GRASS 6.4.svn (corine):~ >

-The "w" was pressed by me accidentally. But I assume that it has little
to do with the process being killed.
-Additionally, I was watching from time to time the process's status via
"top".

What on earth killed this "important" process? How should on go about
and clean this map?

Thanks, Nikos

On Fri, Jan 9, 2009 at 6:27 AM, Nikos Alexandris
<nikos.alexandris@felis.uni-freiburg.de> wrote:

Attempting to clean a very big vector map (after patching and before
dissolving) ended without success. It's about all CORINE tiles to form
the European-wide land cover map.

The process was running for 2 days now and killed itself for reasons I
don't understand. The machine I currently work with has 4GB of RAM and
8GB of swap memory, not to mention the free hard disk space.

# the map is big!

I see two potential reasons:
- large file support needed (--enable-largefile, did you use it?)
- looking at the number of vertices, perhaps the process runs
  out of memory (check 'dmesg' if you are on Linux).

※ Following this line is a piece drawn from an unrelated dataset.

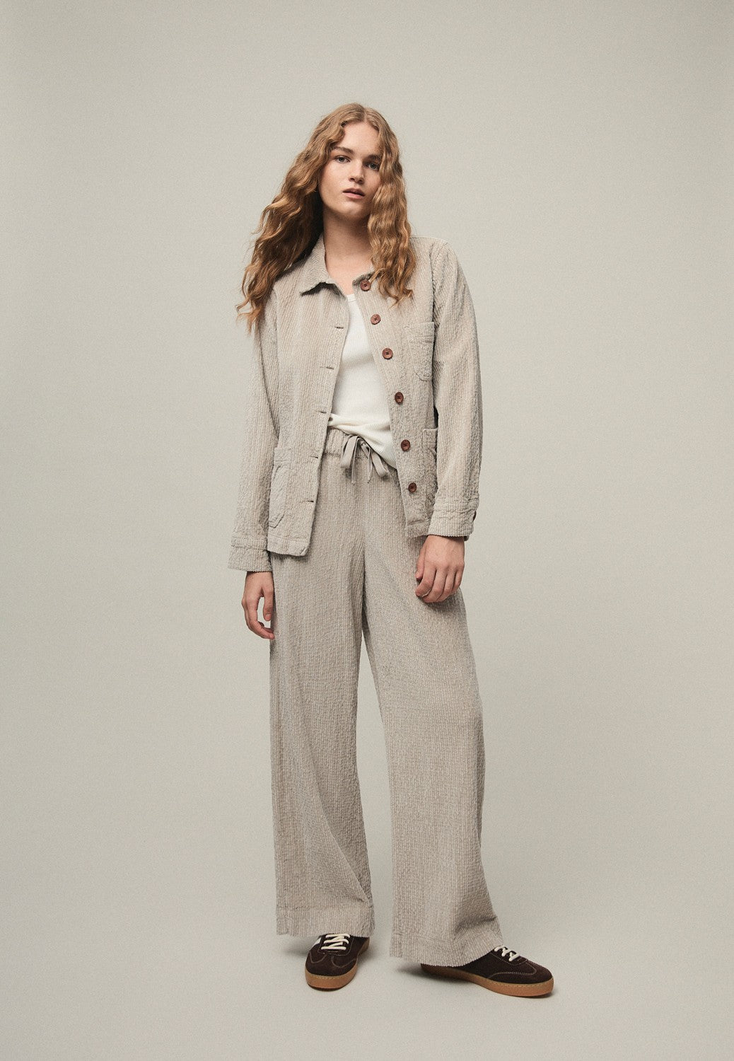 Pantalón ancho de pana irregular. Cinturilla engomada y bolsillos en delantero

In this case
  adding more swap space may suffice.

GRASS 6.4.svn (corine):/geo/grassdb/europe/corine/PERMANENT/vector > ls
-lah corine

total 2.7G
drwxr-xr-x 2 nik nik 72 2009-01-06 09:59 .
drwxr-xr-x 715 nik nik 24K 2009-01-06 08:56 ..
-rw-r--r-- 1 nik nik 109M 2009-01-06 10:01 cidx
-rw-r--r-- 1 nik nik 1.9G 2009-01-06 10:01 coor
-rw-r--r-- 1 nik nik 58 2009-01-06 10:01 dbln
-rw-r--r-- 1 nik nik 191 2009-01-06 10:01 head
-rw-r--r-- 1 nik nik 12K 2009-01-06 08:56 hist
-rw-r--r-- 1 nik nik 647M 2009-01-06 09:59 topo

# cleaning...
GRASS 6.4.svn (corine):~ > v.clean corine out=corine_clean
tool=snap,break,rmdupl thresh=.01

WARNING: 'vector/corine' was found in more mapsets (also found in
        <PERMANENT>)
WARNING: Using <corine@nik>
--------------------------------------------------
Tool: Threshold
Snap vertices: 1.000000e-02
Break: 0.000000e+00
Remove duplicates: 0.000000e+00
--------------------------------------------------
WARNING: 'vector/corine' was found in more mapsets (also found in
        <PERMANENT>)
WARNING: Using <corine@nik>
Copying vector lines...
WARNING: Table <corine_clean> already exists in database
        </geo/grassdb/europe/corine/nik/sqlite.db>
WARNING: Unable to copy table <corine_clean>
WARNING: Failed to copy attribute table to output map
Rebuilding parts of topology...
Building topology for vector map <corine_clean>...
Registering primitives...
7491252 primitives registered
122361691 vertices registered
Number of nodes: 5740813
Number of primitives: 7491252
Number of points: 0
Number of lines: 0
Number of boundaries: 5526642
Number of centroids: 1964610
Number of areas: -
Number of isles: -
--------------------------------------------------
Tool: Snap line to vertex in threshold
w
Killed

...

-Additionally, I was watching from time to time the process's status via
"top".

how much RAM/SWAP was used?

Markus

Hi Markus.
Below more details upon the subject.

On Fri, 2009-01-09 at 09:36 +0100, Markus Neteler wrote:

On Fri, Jan 9, 2009 at 6:27 AM, Nikos Alexandris
<nikos.alexandris@felis.uni-freiburg.de> wrote:
> Attempting to clean a very big vector map (after patching and before
> dissolving) ended without success. It's about all CORINE tiles to form
> the European-wide land cover map.
>
> The process was running for 2 days now and killed itself for reasons I
> don't understand. The machine I currently work with has 4GB of RAM and
> 8GB of swap memory, not to mention the free hard disk space.
>
> # the map is big!

I see two potential reasons:
- large file support needed (--enable-largefile, did you use it?)
- looking at the number of vertices, perhaps the process runs
  out of memory (check 'dmesg' if you are on Linux). In this case
  adding more swap space may suffice.

- Large file support is there. With the configuration I use to compile
the source code [1] LFS is reports "Yes" [2].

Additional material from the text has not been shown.